Tue Jan 24 11:05:09 EST 2006

Christoph Zwerschke wrote:
> On the page http://wiki.python.org/moin/Python3%2e0Suggestions
> I noticed an interesting suggestion:
> 
> "These operators ≤ ≥ ≠ should be added to the language having the 
> following meaning:
> 
>       <= >= !=
> 
> this should improve readibility (and make language more accessible to 
> beginners).
> 
> This should be an evolution similar to the digraphe and trigraph 
> (digramme et trigramme) from C and C++ languages."
> 
> How do people on this group feel about this suggestion?
> 
> The symbols above are not even latin-1, you need utf-8.
> 
> (There are not many usefuls symbols in latin-1. Maybe one could use × 
> for cartesian products...)
> 
> And while they are better readable, they are not better typable (at 
> least with most current editors).
> 
> Is this idea absurd or will one day our children think that restricting 
> to 7-bit ascii was absurd?
> 
> Are there similar attempts in other languages? I can only think of APL, 
> but that was a long time ago.
> 
> Once you open your mind for using non-ascii symbols, I'm sure one can 
> find a bunch of useful applications. Variable names could be allowed to 
> be non-ascii, as in XML. Think class names in Arabian... Or you could 
> use Greek letters if you run out of one-letter variable names, just as 
> Mathematicians do. Would this be desirable or rather a horror scenario? 
> Opinions?
> 
> -- Christoph

This will eventually happen in some form.  The problem is that we are 
still in the infancy of computing.  We are using stones and chisels to 
express logic.  We are currently faced with text characters with which 
to express intent.  There will come a time when we are able to represent 
a program in another form that is readily portable to many platforms.

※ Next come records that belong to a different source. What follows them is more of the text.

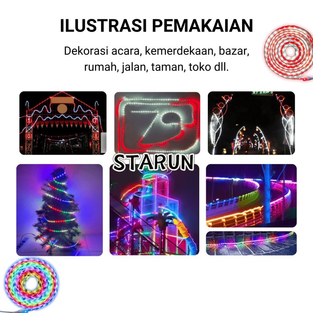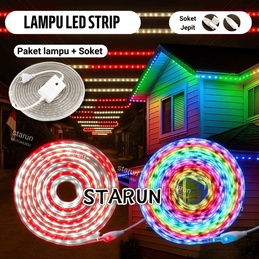 Lampu Led strip Outdoor Merah Putih Termasuk Adaptor 220V/Lampu strip Agustus lampu hias/Lampu warna warni Anti air Led 2835 3528 Strip 10Meter/17 Agustus
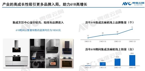 家電消費網6月27日訊 2023年618是疫情后的首個線上大促, 集成洗碗機、集成烹飪中心伴隨更多品牌的加入,再次迎來高增長。集成烹飪中心從1到1+N的品牌參與,且客單價保持高位,未來仍將持續火爆。集成洗碗機作為從集成烹飪到集成洗凈的延展,成為眾多集成灶垂直企業的新賽道。據奧維云網(AVC)線上監測數據顯示,2023年618期間(W23-25)集成洗碗機參與品牌增至71個,銷量也逼近萬臺。
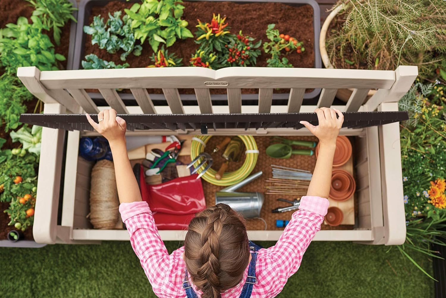 You can never have too much outdoor storage or too many pieces of durable yet elegant outdoor furniture. The fully weather-resistant Eden garden bench storage box is ideal for use outdoors and can provide seating for up to two adults, and store a 265 L/65 G capacity worth of patio accessories, lounge cushions and anything else that needs to be kept dry and well ventilated. As well as its decorative wood – style finishing the Eden bench is also lockable to give you added security and peace of mind.

In the meantime (probably 50 years or so), it would be advantageous to 
use a universal character set for coding programs.  To that end, the 
input to the Python interpreter should be ISO-10646 or a subset such as 
Unicode.  If the # -*- coding: ? -*- line specifies something other than 
ucs-4, then a preprocessor should convert it to ucs-4.  When it is 
desireable to avoid the overhead of the preprocessor, developers will 
find a way to save source code in ucs-4 encoding.

The problem with using Unicode in utf-8 and utf-16 forms is that the 
code will forever need to be written and forever execute additional 
processing to handle the MBCS and MSCS (Multiple-Short Character Set) 
situation.

Ok.  Maybe computing is past infancy.  But most development environments 
are not much past toddler stage.